If God were King # 3... We Would Treat Money His Way


[This series is the product of a study of Deuteronomy I did for my church earlier this year. While journeying through Deuteronomy, I came as close as I ever will to cultivating a theology of government. Some of the results I share in this blog.]

            God's laws are rooted in his love. God took the initiative.
            God delivered his people because he loved them; therefore, God called upon Israel to respond in loving obedience.
            God's laws grew out of his personal, intimate, and daily relationship with people. God gave these laws to guide people to live in a manner that was most in keeping with their personal relationship with God, which would help them be kind to individuals whom God created in his image.
            With that in mind, remember that God told his people to tithe off what he blessed them in a given year, “Be sure to set aside a tenth of all that your fields produce each year” (Deut. 15:22.)
            Two main uses for this “money” were:
1) to help those in need (the poor, widows and orphans) and
2) to care for the religious leaders—the Levites.
            We’ll talk more about those in need later in this series when we discuss the subject of justice, but I want to say a word about the religious leaders.
            This is not original with me. In fact, you may have heard it before.
            In Israel, the Levites, directed the spiritual life of the people. They did not work in manual or farming, nor did they serve in the military. Their job was to protect Israel from her greatest enemy—Israel. If the religious leaders failed, Israel would ultimately fail.
The nation gave a tenth of what they had to protect itself at the grass roots level.
            This is the background for Paul’s famous charge to Christians to “not muzzle an ox….” He noted that even though he surrendered his right to be a fully supported minister, it was a right.
            This principle is of the reasons why our country gives churches and ministers tax breaks. Our founding fathers understood that for our government to succeed, citizens must be virtuous. Religion was an essential component in providing for the virtue of its citizenry. To help the citizens live religiously, ministers were deemed essential. 

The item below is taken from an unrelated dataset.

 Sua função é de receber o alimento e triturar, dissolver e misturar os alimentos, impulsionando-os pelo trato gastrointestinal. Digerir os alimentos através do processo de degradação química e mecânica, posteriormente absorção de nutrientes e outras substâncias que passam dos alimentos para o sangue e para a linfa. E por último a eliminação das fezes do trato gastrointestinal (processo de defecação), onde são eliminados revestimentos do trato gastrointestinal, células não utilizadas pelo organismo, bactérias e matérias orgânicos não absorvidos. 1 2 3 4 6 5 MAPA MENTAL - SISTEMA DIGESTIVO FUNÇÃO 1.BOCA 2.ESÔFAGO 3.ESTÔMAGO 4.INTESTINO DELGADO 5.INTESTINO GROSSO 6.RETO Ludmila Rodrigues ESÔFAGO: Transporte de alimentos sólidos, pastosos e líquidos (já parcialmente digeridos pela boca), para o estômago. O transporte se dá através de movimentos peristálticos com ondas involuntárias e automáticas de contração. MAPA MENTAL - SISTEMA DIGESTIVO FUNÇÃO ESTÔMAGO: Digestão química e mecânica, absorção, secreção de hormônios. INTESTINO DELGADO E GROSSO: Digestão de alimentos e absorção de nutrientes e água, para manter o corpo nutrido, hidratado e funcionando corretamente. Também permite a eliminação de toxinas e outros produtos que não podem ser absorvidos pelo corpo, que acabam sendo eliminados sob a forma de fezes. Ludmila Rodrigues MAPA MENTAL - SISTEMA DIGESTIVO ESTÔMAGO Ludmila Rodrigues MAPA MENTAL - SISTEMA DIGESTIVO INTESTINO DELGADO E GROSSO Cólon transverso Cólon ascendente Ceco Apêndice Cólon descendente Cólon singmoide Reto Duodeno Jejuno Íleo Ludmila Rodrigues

            Now, concerning debt.
            God says much about debt in the Bible, including in Deuteronomy, and it is never positive. In ancient Israel, borrowing was typically practiced by individuals in a worse case scenario; it was not typically a practice of the nation’s government.
            Regarding individuals, a loan might be offered when a natural disaster occurred and suspended normal income. Also, a loan might help a poor family carry on until they could repay it.

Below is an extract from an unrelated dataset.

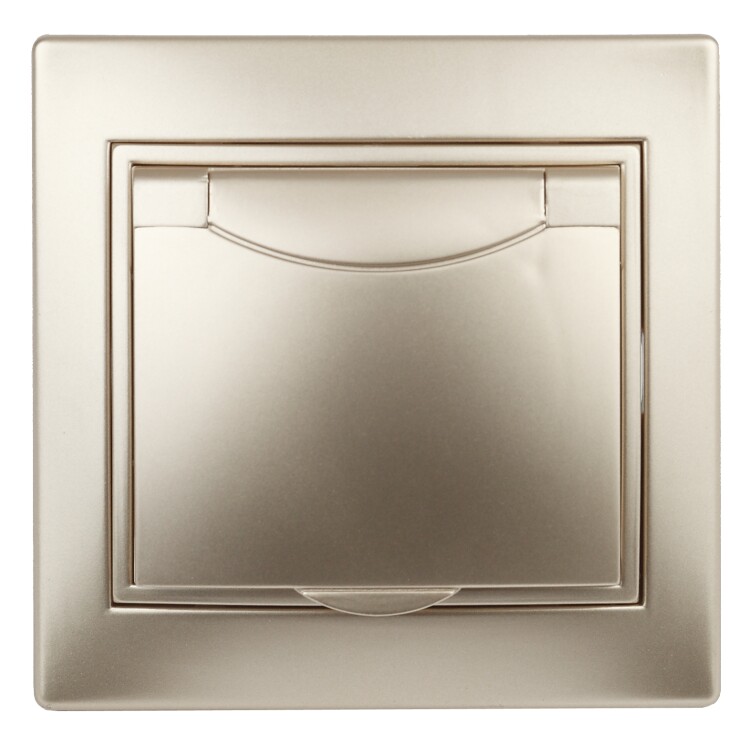 Розетка с крышкой со шторками серии Intro Plano скрытой установки цвет шампань 1-203-04. Номинальные характеристики 16А 250В. Розетка выполнена из керамики, укомплектована одноместной рамкой, оснащена винтовыми клеммами. Клеммы с двумя отверстиями позволяют соединять соседние розетки шлейфом. Установка в подрозетник производится как на монтажные лапки, так и на винты. Для установки 2-х и более устройств в несколько подрозетников в ряд дополнительно используются многоместные рамки: 2-х постовая - 1-502-хх, 3-х постовая 1-503-хх, 4-х постовая - 1-504-хх (где хх - цветовой код: 01 - белый, 02 - слоновая кость, 03 - алюминий, 04 - шампань, 05 - антрацит, 10 - венге, 11 - сосна).

            I think I can safely say that God never intended his government in Israel to go into debt itself in order to help individual Israelites find a better life. I’m not sure all of the reasons why, but I would guess the law of cause and effect would have something to do with it.
            Surely God would have viewed ancient Israel as being immoral had she enslaved her future generations to debt for the same reasons we do today in America.
            Moreover, as I wrote last week in another blog, it is immoral for a government’s accumulating debt to lower the value of the dollar. It is stealing. As our national debt grows, the value of the dollar will inevitably be reduced.
            Cause and effect.
            This is not a problem of politicians. They will do what we demand of them.
            This is our problem.
            We the People.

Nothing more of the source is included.